Existing optimal transport (OT) mapping estimation theory heavily relies on Brenier’s theorem—which requires quadratic cost and absolutely continuous source distributions—rendering it inadequate for stochastic OT mappings with mass splitting, commonly encountered in real-world settings involving singular, discrete, or corrupted source/target distributions. Method: We propose a novel metric to quantify the quality of stochastic OT mappings and develop the first universal, robust, finite-sample optimal risk bound framework. Our approach integrates generalization error analysis, adversarially robust statistical learning, parameterized stochastic mapping modeling, and regularized empirical risk minimization. Contribution/Results: We derive near-optimal finite-sample risk bounds under minimal distributional assumptions. Experiments demonstrate substantial improvements in transport accuracy over conventional OT methods in challenging non-absolutely-continuous and corrupted-data regimes where standard approaches fail.
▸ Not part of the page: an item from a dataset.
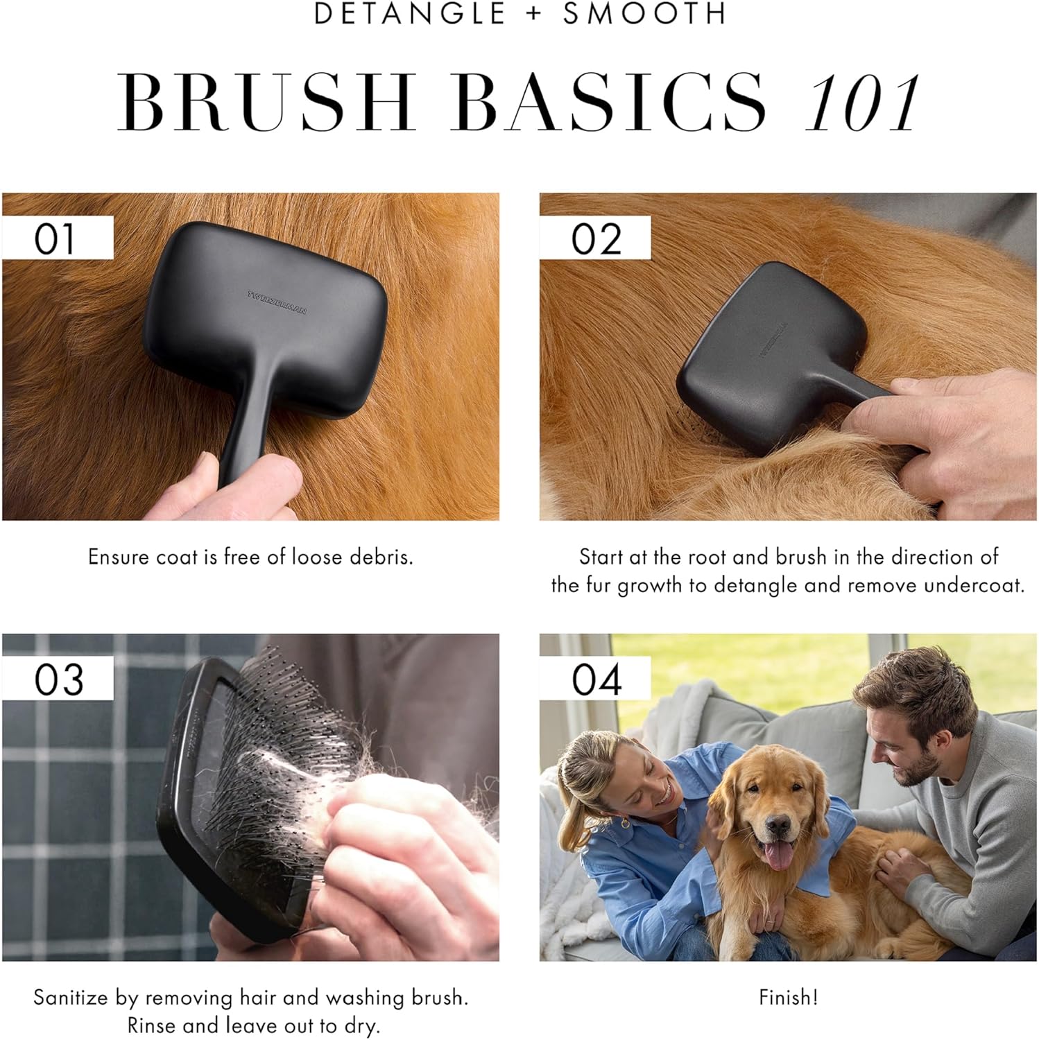 - For long-haired pets, slowly work towards the roots as the outer layers of the coat detangle to keep your pet comfortable.

The optimal transport (OT) map is a geometry-driven transformation between high-dimensional probability distributions which underpins a wide range of tasks in statistics, applied probability, and machine learning. However, existing statistical theory for OT map estimation is quite restricted, hinging on Brenier's theorem (quadratic cost, absolutely continuous source) to guarantee existence and uniqueness of a deterministic OT map, on which various additional regularity assumptions are imposed to obtain quantitative error bounds. In many real-world problems these conditions fail or cannot be certified, in which case optimal transportation is possible only via stochastic maps that can split mass. To broaden the scope of map estimation theory to such settings, this work introduces a novel metric for evaluating the transportation quality of stochastic maps. Under this metric, we develop computationally efficient map estimators with near-optimal finite-sample risk bounds, subject to easy-to-verify minimal assumptions. Our analysis further accommodates common forms of adversarial sample contamination, yielding estimators with robust estimation guarantees. Empirical experiments are provided which validate our theory and demonstrate the utility of the proposed framework in settings where existing theory fails. These contributions constitute the first general-purpose theory for map estimation, compatible with a wide spectrum of real-world applications where optimal transport may be intrinsically stochastic.